Cohen was raised Jewish and married a Jew in a Jewish wedding—but she explains that she never really believed “in that jealous, capricious, and cruel Old Testament God” (p. 12). But she never identified herself as an atheist until she began rearing her children.

In her book, Kate tells how she vowed to teach her children “what I truly thought about everything,” and she “did not let them decide for themselves,” for she strongly believed that “passing on one’s preference for reason, evidence, and honesty…is the truly moral choice” (pp. 13, 14).

Kate was born and reared in Virginia. She graduated from Dartmouth University and married in 1997. She is now in her late 40s, but I was unable to find out how old her children are. They are probably young adults now and it would be interesting to know how they have turned out.*1

There are positive aspects of Kate Cohen and her book that should be recognized. She is honest in identifying who she is rather than seeking (any longer) to keep her lack of religious faith closeted. And she encourages others to be honest also as intimated in her book’s subtitle.

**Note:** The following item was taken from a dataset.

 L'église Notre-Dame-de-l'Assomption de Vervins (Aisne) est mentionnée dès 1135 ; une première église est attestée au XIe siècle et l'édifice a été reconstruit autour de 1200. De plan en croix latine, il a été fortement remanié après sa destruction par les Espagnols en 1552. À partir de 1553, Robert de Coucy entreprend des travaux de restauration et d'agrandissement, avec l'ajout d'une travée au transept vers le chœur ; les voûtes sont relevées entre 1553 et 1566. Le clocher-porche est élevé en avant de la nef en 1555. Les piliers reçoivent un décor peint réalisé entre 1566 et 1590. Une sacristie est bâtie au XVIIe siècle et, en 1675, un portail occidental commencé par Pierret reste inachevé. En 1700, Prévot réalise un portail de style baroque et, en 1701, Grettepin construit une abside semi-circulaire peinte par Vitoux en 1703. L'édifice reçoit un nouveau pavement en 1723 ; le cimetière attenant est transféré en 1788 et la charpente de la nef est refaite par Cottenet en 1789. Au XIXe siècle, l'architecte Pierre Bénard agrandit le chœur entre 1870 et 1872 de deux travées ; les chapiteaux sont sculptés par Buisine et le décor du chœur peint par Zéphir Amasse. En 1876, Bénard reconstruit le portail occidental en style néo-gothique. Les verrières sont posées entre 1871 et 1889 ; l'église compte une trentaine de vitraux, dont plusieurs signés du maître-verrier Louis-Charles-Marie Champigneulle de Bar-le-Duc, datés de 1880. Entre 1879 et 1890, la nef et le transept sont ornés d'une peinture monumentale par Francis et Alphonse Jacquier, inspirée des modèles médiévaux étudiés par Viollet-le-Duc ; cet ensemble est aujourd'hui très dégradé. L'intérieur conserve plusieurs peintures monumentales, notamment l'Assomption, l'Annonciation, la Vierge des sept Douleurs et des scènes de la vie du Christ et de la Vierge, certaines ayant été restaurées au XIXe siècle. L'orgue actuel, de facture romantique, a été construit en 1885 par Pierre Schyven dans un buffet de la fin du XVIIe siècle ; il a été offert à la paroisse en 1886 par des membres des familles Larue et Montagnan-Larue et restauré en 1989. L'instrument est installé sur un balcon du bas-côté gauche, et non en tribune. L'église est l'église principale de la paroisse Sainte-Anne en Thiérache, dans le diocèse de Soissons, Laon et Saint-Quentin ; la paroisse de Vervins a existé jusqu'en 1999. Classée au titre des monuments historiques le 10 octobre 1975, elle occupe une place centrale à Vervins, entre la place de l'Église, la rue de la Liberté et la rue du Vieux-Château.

Even though I have spent most of my life seeking to help people become God-believers, I think those who don’t believe in God should be able to identify themselves openly rather than pretending to be and to believe, what they are not and do not. Honesty, indeed, is the best policy.

Further, Cohen seeks to remove the stigma from those who identify as atheists. She writes, “Like atheism, homosexuality is a difference that can be hidden. Sociologists call it a Concealable Stigmatized Identity” (p. 221), but she claims that that stigma is disappearing more rapidly for LGBTQ people than for atheists.

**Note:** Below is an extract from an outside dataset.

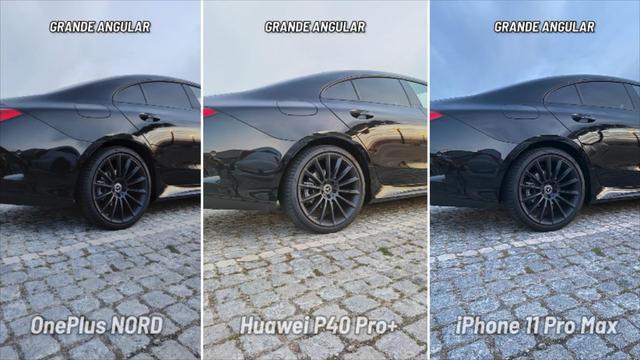 而在一加Nord、华为P40Pro+和iPhone11ProMax的拍照对比中,可以看到华为P40Pro+拍摄的照片曝光度最高,同时在照片中的汽车车身和地面由于曝光度较高,所以拍摄出来的颜色则是呈现灰色的。一加Nord和iPhone11ProMax拍摄的照片曝光度较低一些,其中iPhone11ProMax的曝光度最低,华为P40Pro+拍摄的天空颜色发灰,iPhone11ProMax拍摄的天空颜色发蓝,而一加Nord则介于两者之间。

But as a God-believer—and because I am a God-believer—I certainly think that people need to be respected/accepted regardless of their religious faith or lack thereof. After all, that is what freedom of religion means.

There are also highly questionable aspects of Cohen’s book. While there are some nuanced places, she gives the impression that all atheists are largely the same, and “good,” whereas all who believe in God/religion are also largely the same, and “bad.” (See, for example, p. 228).

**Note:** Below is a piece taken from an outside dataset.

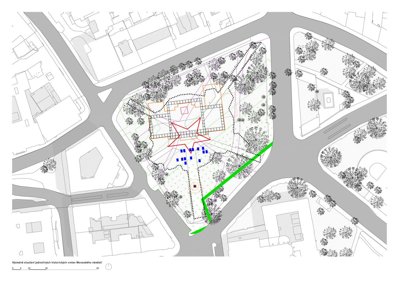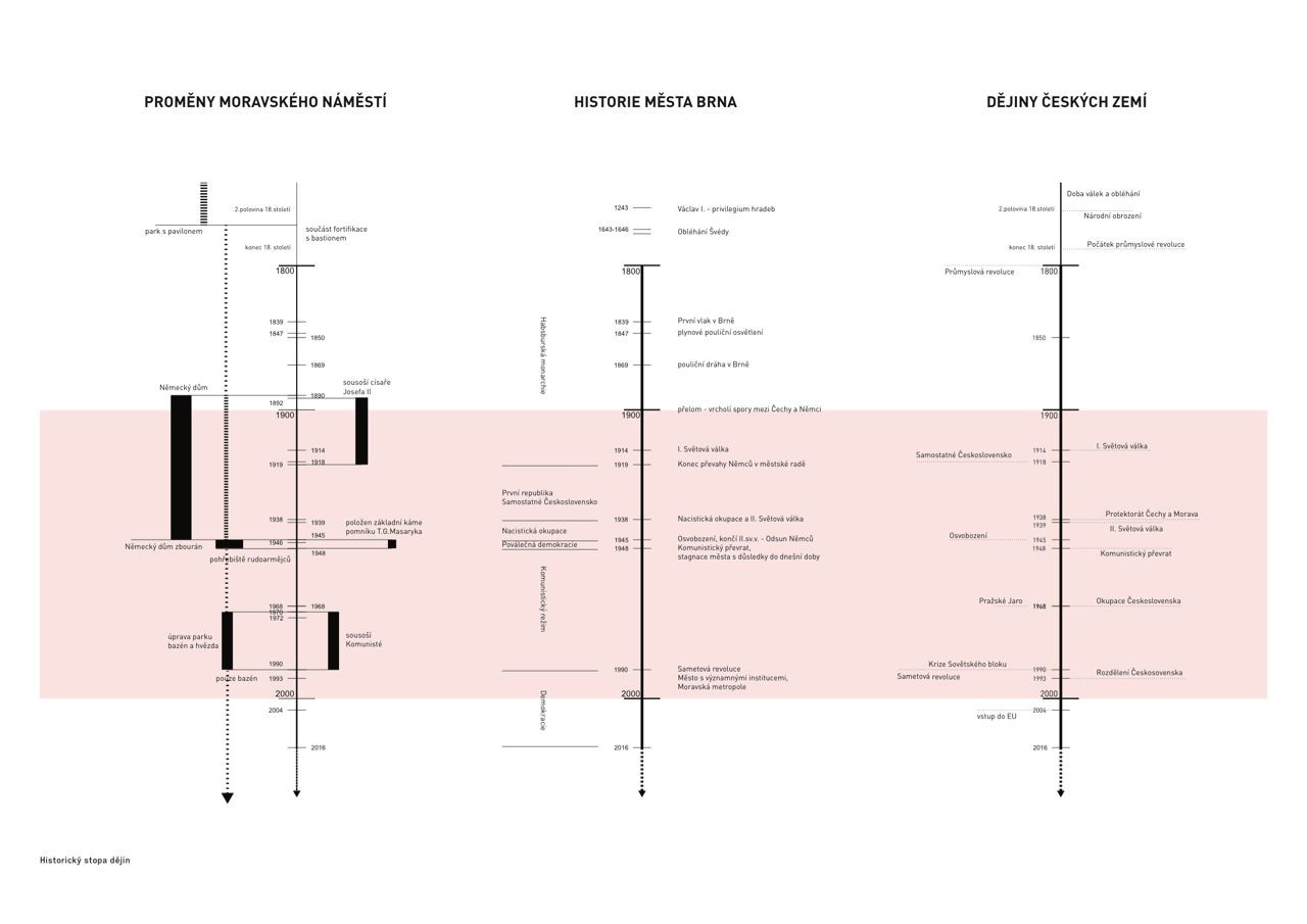 Moravské náměstí v Brně je místem s bohatou historií. Nachází se na severním okraji historického jádra města a až do poloviny 18. století bylo součástí městského opevnění s bastionem. Na konci 18. století již bylo živým místem společenského dění a po vybourání hradeb po roce 1850 se začlenilo do zeleného prstence brněnské okružní třídy. V letech 1888–1891 byl uprostřed parku vybudován Německý dům doplněný sousoším císaře Josefa II., jenž sloužil jako kulturní centrum pro německy mluvící občany Brna. Pomník byl v roce 1919 odstraněn a Německý dům zanikl s koncem 2. světové války. Po válce zde byli krátce pohřbeni rudoarmějci, kteří položili své životy při osvobozování Brna, následně byl prostor parkově upraven. V roce 1946 byl v parku odhalen základní kámen pro pomník T. G. Masaryka, který však nikdy nebyl dokončen. V letech 1970–1973 bylo prostranství znovu upraveno v duchu tehdejší ideologie – v jeho středu byl umístěn pěticípý bazén s vodotryskem a za ním sousoší Komunisté. Po roce 1990 zůstal jen bazén. Všechny tyto historické vrstvy jsou otiskem dějin nejen města Brna, ale celého českého státu. Dokumentují dramatické změny ve společnosti, jež byly hybatelem většiny změn v prostoru náměstí. S trochou nadsázky lze říci, že Moravské náměstí je skrytým manifestem naší historie.

In strongly encouraging people who do not believe in God to affirm their atheism, she writes,

If you need a reason to let people know that you don’t believe moral authority derives from a Supreme Being, then I offer you no less than making America a safer, smarter, more just, and more compassionate country.*2

It is because of that belief that the WaPo article was titled “America doesn’t need more God It Needs More Atheists.”

On the previous page, she asserts, “…peel back the layers of discrimination against LGBTQ people and you find religion.”

She further contends that “control over women’s bodies,” as well as “school-library book bans, and even the backlash against acknowledging the racist underpinnings of our nation are motivated by religion.”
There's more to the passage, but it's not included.